*** Opening of Information supplied ***

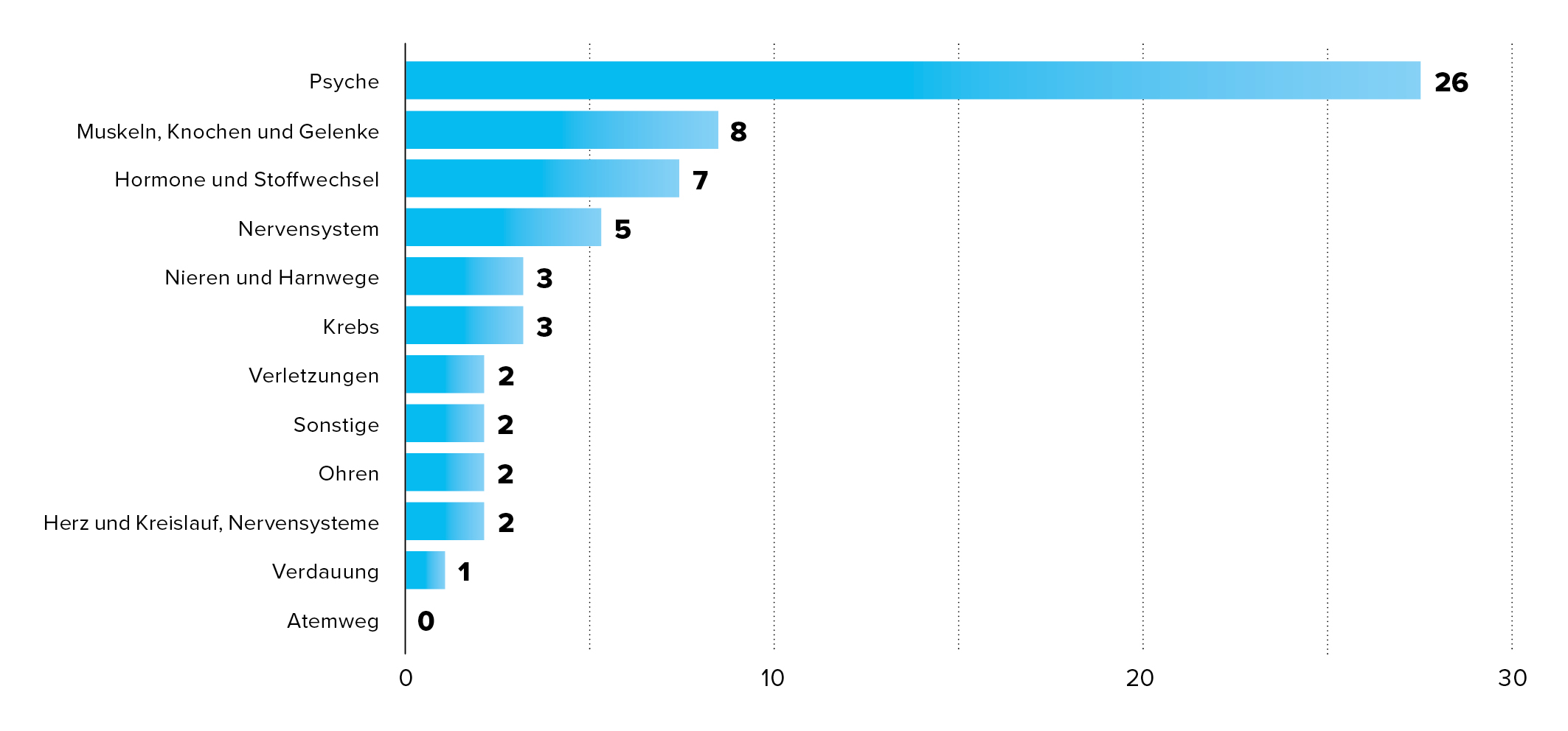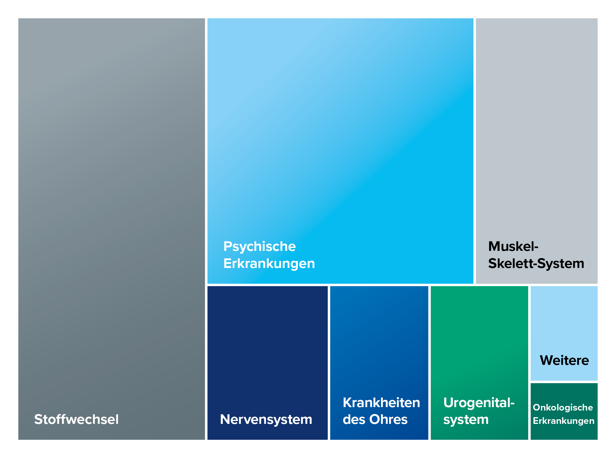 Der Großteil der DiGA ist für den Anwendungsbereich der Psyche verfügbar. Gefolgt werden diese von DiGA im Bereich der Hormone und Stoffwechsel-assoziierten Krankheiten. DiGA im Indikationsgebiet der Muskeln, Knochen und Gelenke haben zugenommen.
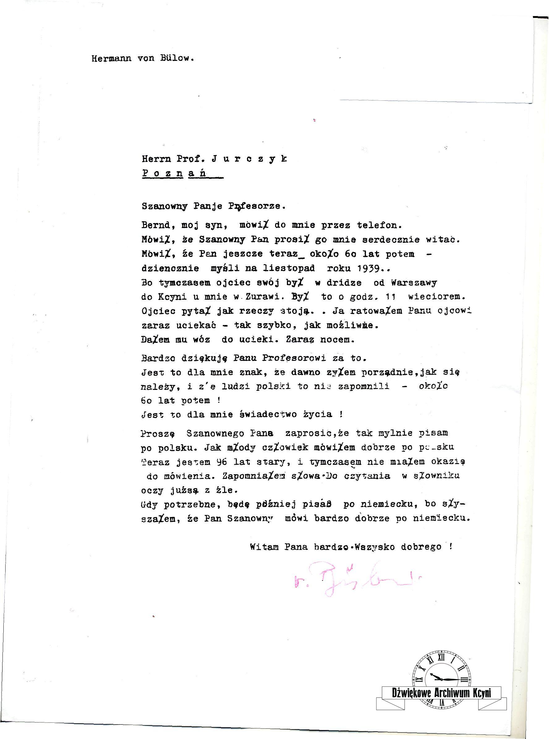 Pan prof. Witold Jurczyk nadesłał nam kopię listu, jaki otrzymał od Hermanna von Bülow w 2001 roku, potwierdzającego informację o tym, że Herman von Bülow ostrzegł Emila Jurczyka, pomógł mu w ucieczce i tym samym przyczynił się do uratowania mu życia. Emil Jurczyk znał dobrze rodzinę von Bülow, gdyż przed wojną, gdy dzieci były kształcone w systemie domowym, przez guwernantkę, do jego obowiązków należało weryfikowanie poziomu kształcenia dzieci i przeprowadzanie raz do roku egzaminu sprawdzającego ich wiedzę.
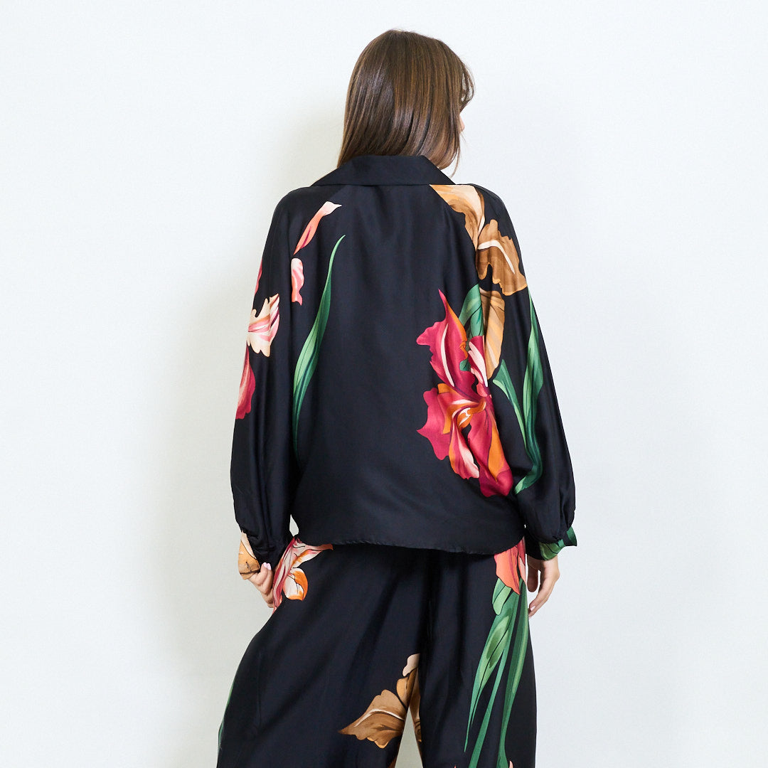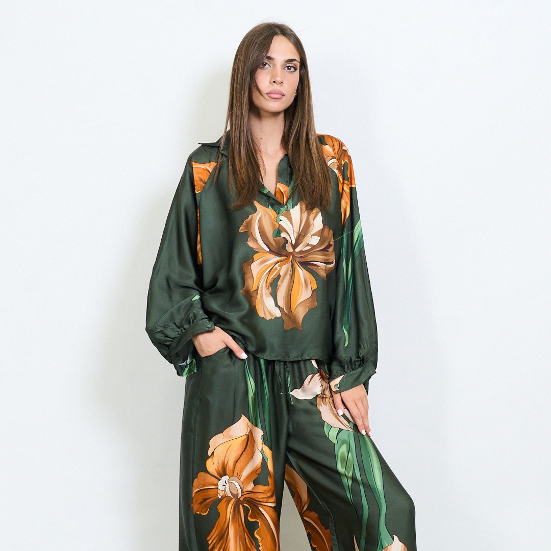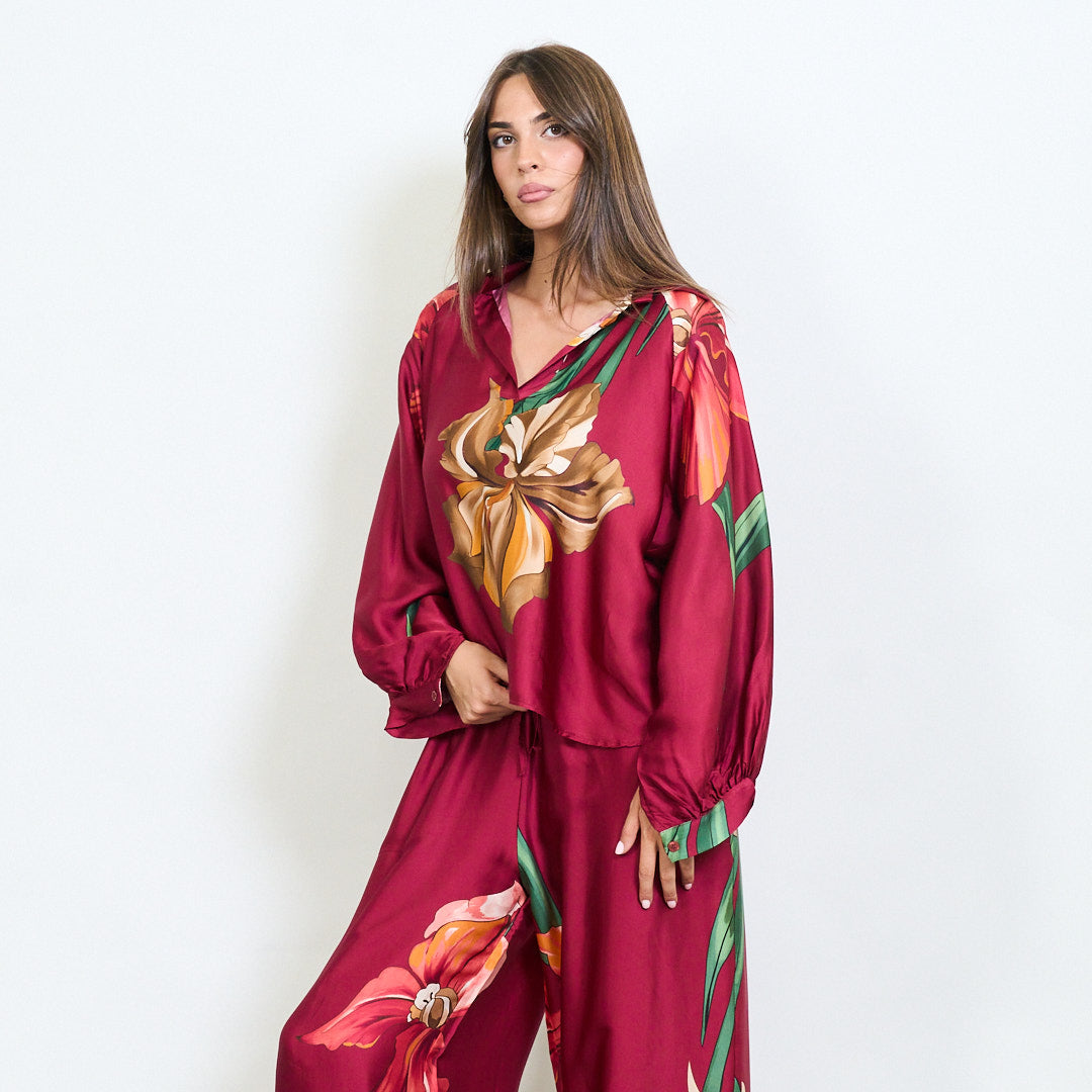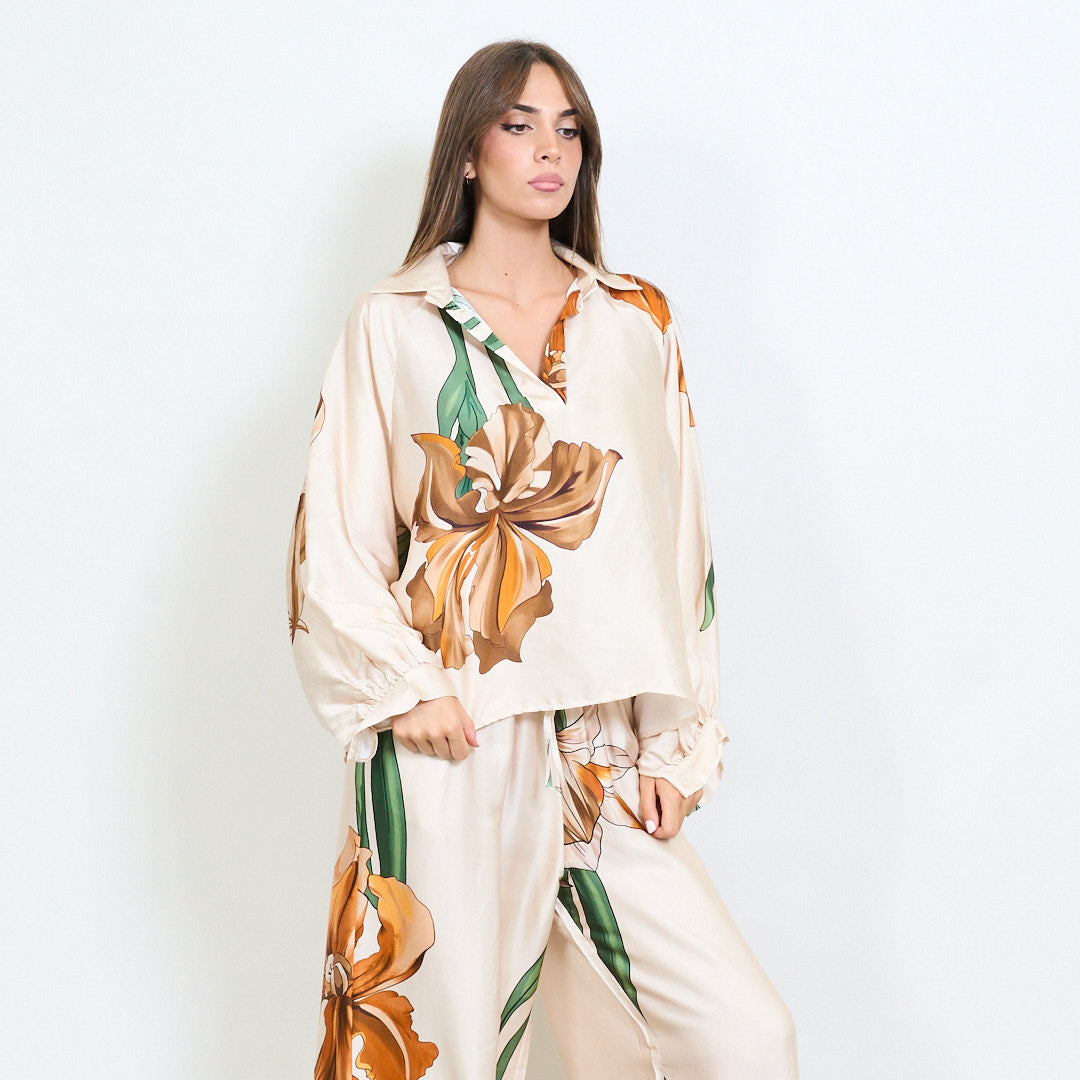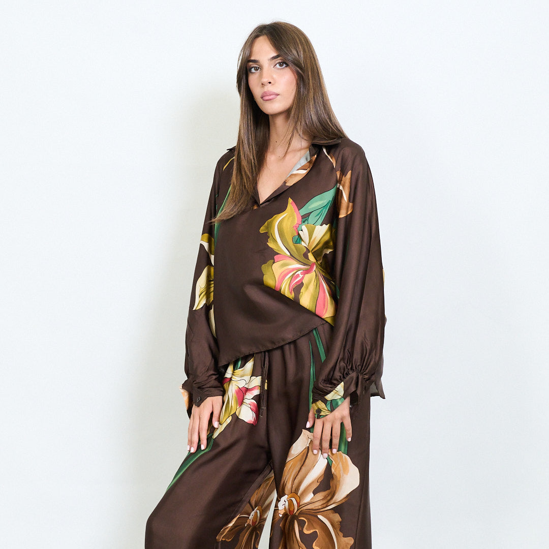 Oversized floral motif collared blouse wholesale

*** Close of Information supplied ***

Apart from the pictures, restate all of the listing above exactly.

 Der Großteil der DiGA ist für den Anwendungsbereich der Psyche verfügbar. Gefolgt werden diese von DiGA im Bereich der Hormone und Stoffwechsel-assoziierten Krankheiten. DiGA im Indikationsgebiet der Muskeln, Knochen und Gelenke haben zugenommen.
 Pan prof. Witold Jurczyk nadesłał nam kopię listu, jaki otrzymał od Hermanna von Bülow w 2001 roku, potwierdzającego informację o tym, że Herman von Bülow ostrzegł Emila Jurczyka, pomógł mu w ucieczce i tym samym przyczynił się do uratowania mu życia. Emil Jurczyk znał dobrze rodzinę von Bülow, gdyż przed wojną, gdy dzieci były kształcone w systemie domowym, przez guwernantkę, do jego obowiązków należało weryfikowanie poziomu kształcenia dzieci i przeprowadzanie raz do roku egzaminu sprawdzającego ich wiedzę.
 Oversized floral motif collared blouse wholesale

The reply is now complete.